The paper introduces a new approach using proton temperature anisotropy and cross helicity measurements at 0.3 AU to classify solar wind origins, improving source identification.

Findings

Distinct anisotropic and isotropic solar wind populations at 0.3 AU.

Anisotropic wind is always Alfvénic with a wide speed range.

Isotropic wind includes slow, Alfvénic, and non-Alfvénic components.

Abstract

Robustly identifying the solar sources of individual packets of solar wind measured in interplanetary space remains an open problem. We set out to see if this problem is easier to tackle using solar wind measurements closer to the Sun than 1 AU, where the mixing and dynamical interaction of different solar wind streams is reduced.

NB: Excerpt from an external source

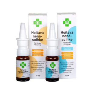 Kosteuttaa ja hoitaa nenän kuivia limakalvoja sekä edistää nenäontelon pintakudoksen uusiutumista. Piparmintun tuoksulla tai ilman, 10 ml.

Using measurements from the Helios mission, we examined how the proton core temperature anisotropy and cross helicity varied with distance. At 0.3 AU there are two clearly separated anisotropic and isotropic populations of solar wind, that are not distinguishable at 1 AU. The anisotropic population is always Alfv\'enic and spans a wide range of speeds. In contrast the isotropic population has slow speeds, and contains a mix of Alfv\'enic wind with constant mass fluxes, and non-Alfv\'enic wind with large and highly varying mass fluxes. We split the in-situ measurements into three categories according these observations, and suggest that these categories correspond to wind that originated in the core of coronal holes, in or near active regions or the edges of coronal holes, and as small transients form streamers or pseudostreamers. Although our method by itself is simplistic, it provides a new tool that can be used in combination with other methods for identifying the sources of solar wind measured by Parker Solar Probe and Solar Orbiter.